TRY IT. Please, without any pictures, set down exactly the part of the listing below that opens with the line containing "教育部体育卫生与艺术司体育处" and closes with the line containing "京都市 紅葉の清滝川風景".

SUPPLIED MATERIAL.
^^^^
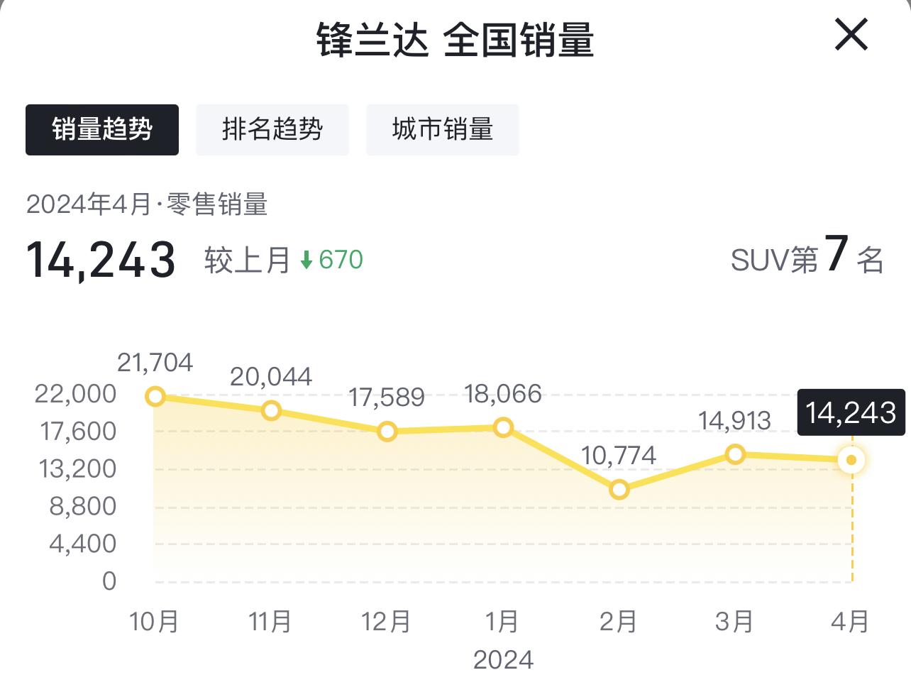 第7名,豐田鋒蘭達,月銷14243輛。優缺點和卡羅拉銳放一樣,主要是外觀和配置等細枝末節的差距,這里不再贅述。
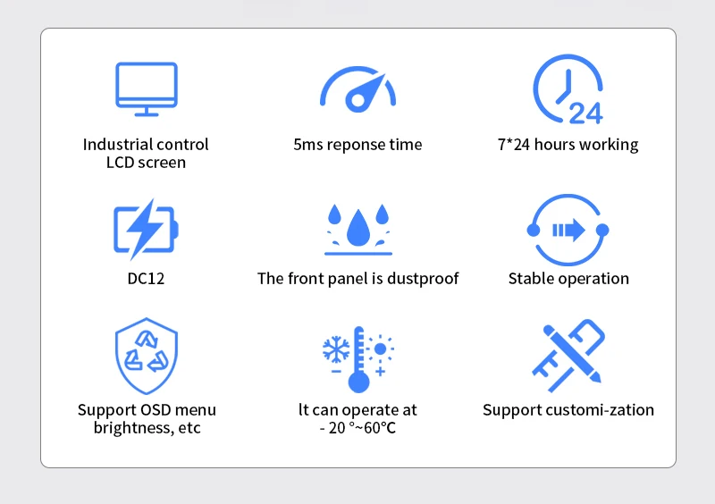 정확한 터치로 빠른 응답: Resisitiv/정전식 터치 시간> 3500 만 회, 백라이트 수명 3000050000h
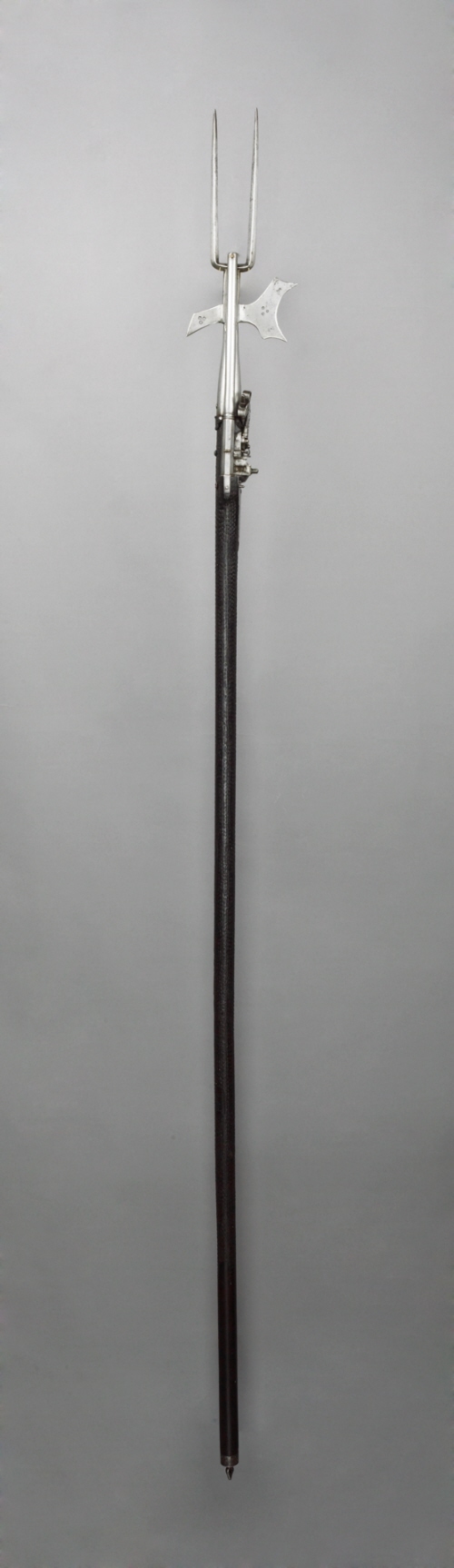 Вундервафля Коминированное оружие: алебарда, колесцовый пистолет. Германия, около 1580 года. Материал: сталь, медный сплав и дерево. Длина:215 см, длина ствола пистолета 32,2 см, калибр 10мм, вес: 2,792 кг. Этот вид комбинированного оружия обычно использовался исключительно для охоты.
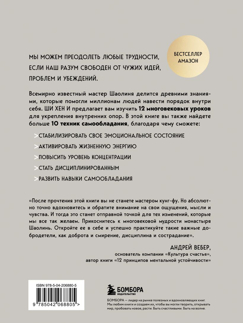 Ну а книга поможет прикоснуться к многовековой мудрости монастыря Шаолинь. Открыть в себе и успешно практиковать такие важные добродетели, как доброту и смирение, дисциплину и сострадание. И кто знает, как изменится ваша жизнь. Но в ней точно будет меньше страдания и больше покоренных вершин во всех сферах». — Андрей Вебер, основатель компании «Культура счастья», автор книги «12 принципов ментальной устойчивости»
^^^^
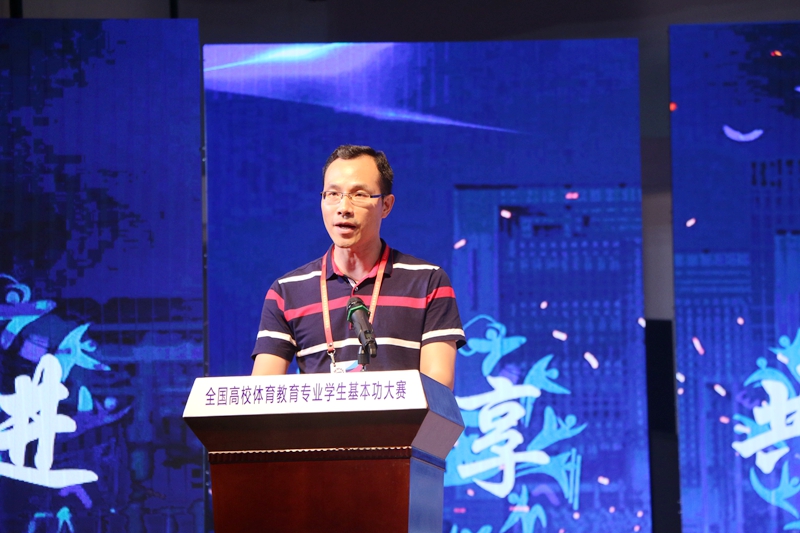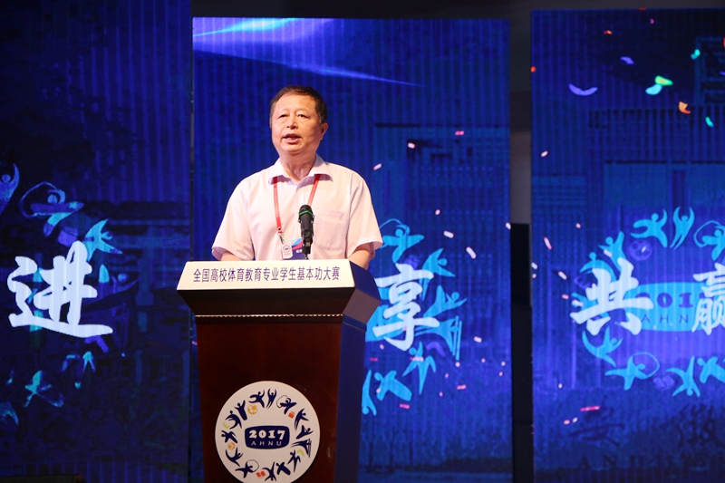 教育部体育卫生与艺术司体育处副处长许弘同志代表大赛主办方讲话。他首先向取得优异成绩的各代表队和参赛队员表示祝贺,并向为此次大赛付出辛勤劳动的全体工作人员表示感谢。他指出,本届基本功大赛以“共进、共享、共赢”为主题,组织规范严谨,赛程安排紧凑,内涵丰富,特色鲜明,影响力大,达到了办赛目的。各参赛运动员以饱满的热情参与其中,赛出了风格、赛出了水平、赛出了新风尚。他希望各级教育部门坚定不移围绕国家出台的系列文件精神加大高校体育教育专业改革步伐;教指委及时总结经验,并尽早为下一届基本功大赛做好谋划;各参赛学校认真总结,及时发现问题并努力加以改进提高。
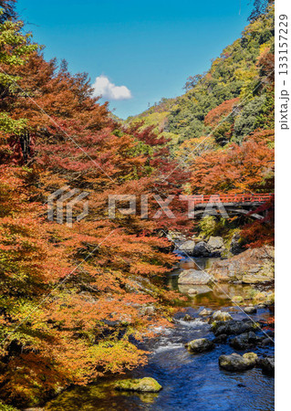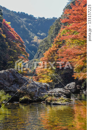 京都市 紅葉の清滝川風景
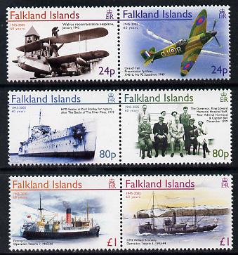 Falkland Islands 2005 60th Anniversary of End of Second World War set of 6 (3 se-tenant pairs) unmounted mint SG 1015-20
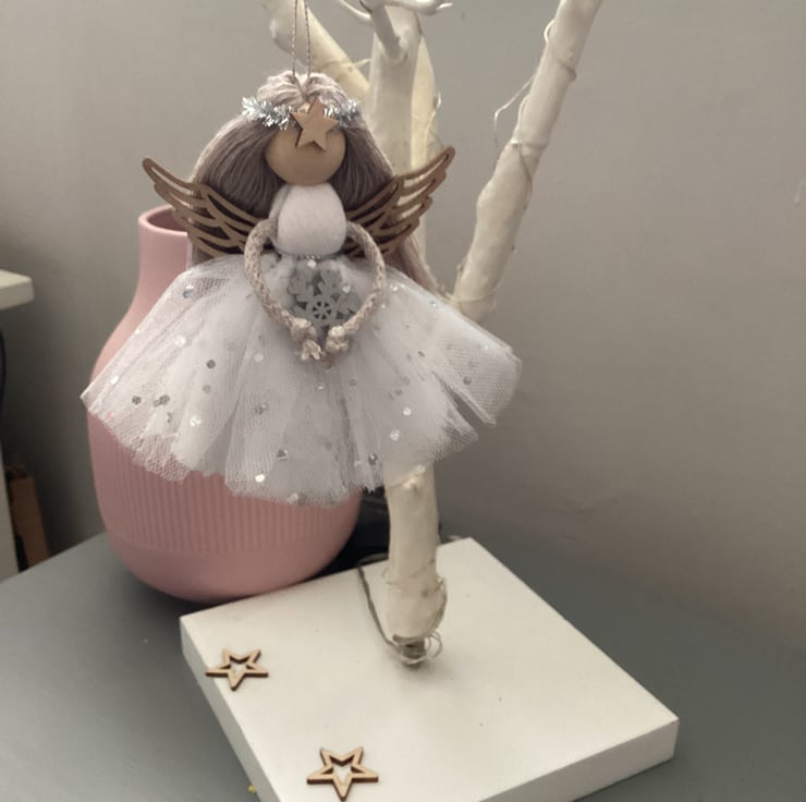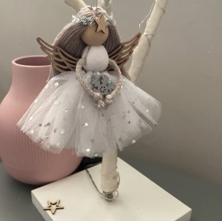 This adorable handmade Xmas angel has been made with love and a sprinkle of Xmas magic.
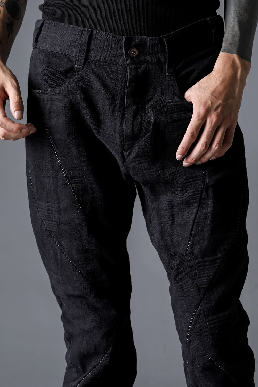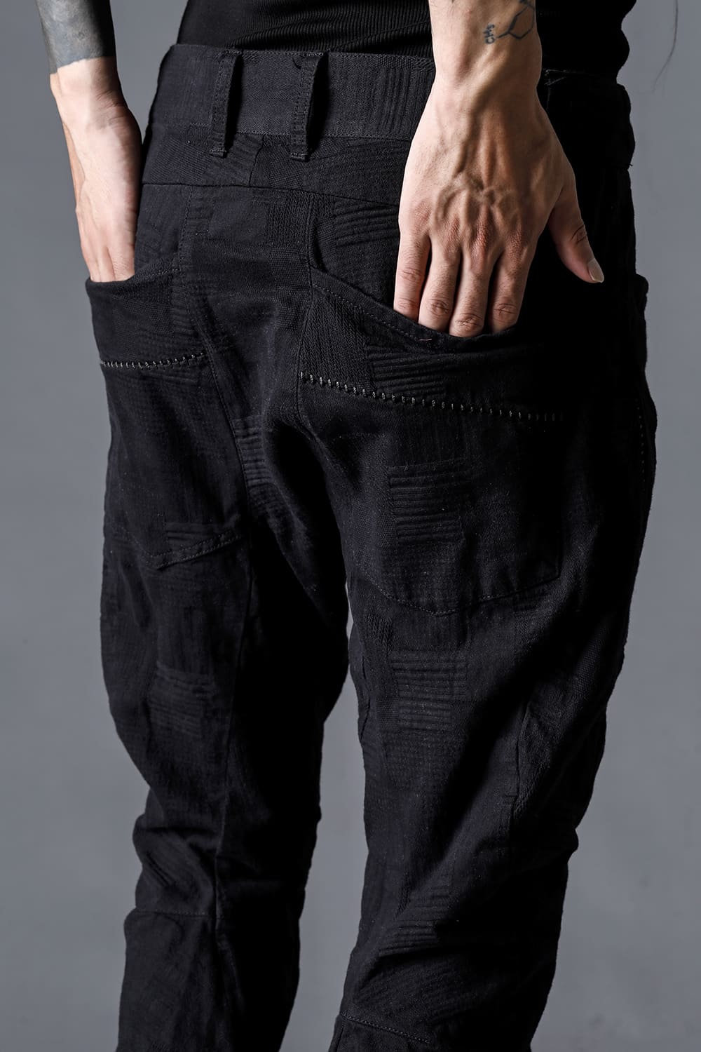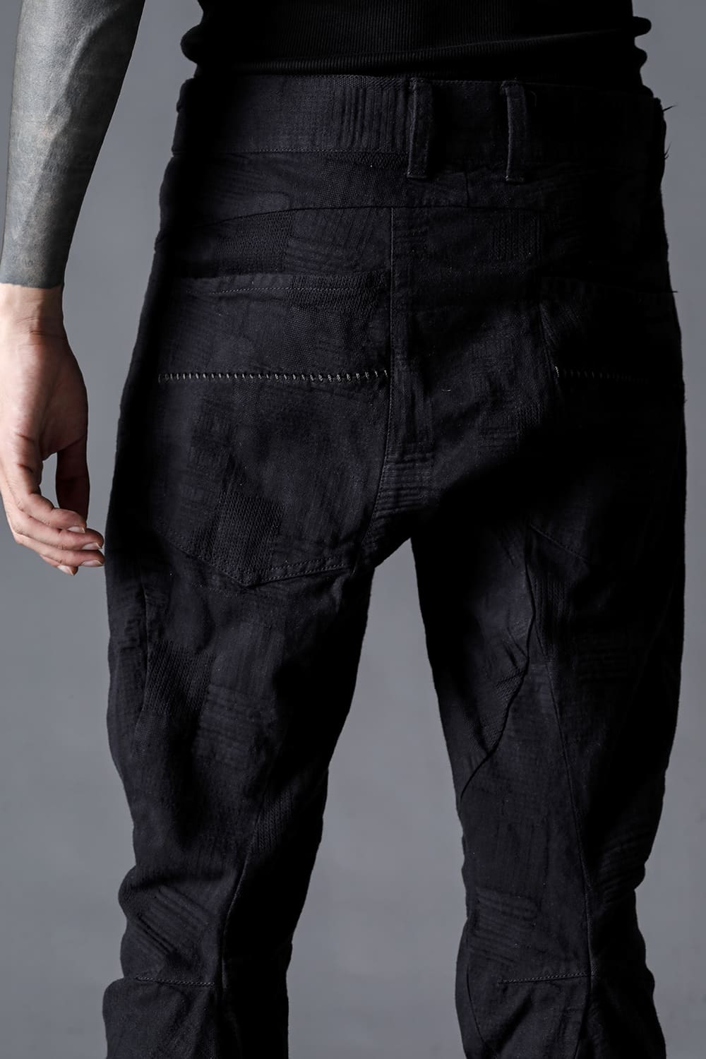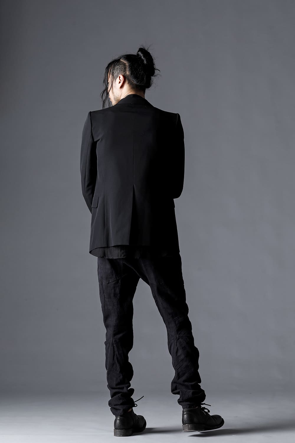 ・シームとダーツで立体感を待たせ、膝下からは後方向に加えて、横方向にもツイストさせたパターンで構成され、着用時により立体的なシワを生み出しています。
^^^^
TASK OUTPUT.
 教育部体育卫生与艺术司体育处副处长许弘同志代表大赛主办方讲话。他首先向取得优异成绩的各代表队和参赛队员表示祝贺,并向为此次大赛付出辛勤劳动的全体工作人员表示感谢。他指出,本届基本功大赛以“共进、共享、共赢”为主题,组织规范严谨,赛程安排紧凑,内涵丰富,特色鲜明,影响力大,达到了办赛目的。各参赛运动员以饱满的热情参与其中,赛出了风格、赛出了水平、赛出了新风尚。他希望各级教育部门坚定不移围绕国家出台的系列文件精神加大高校体育教育专业改革步伐;教指委及时总结经验,并尽早为下一届基本功大赛做好谋划;各参赛学校认真总结,及时发现问题并努力加以改进提高。
 京都市 紅葉の清滝川風景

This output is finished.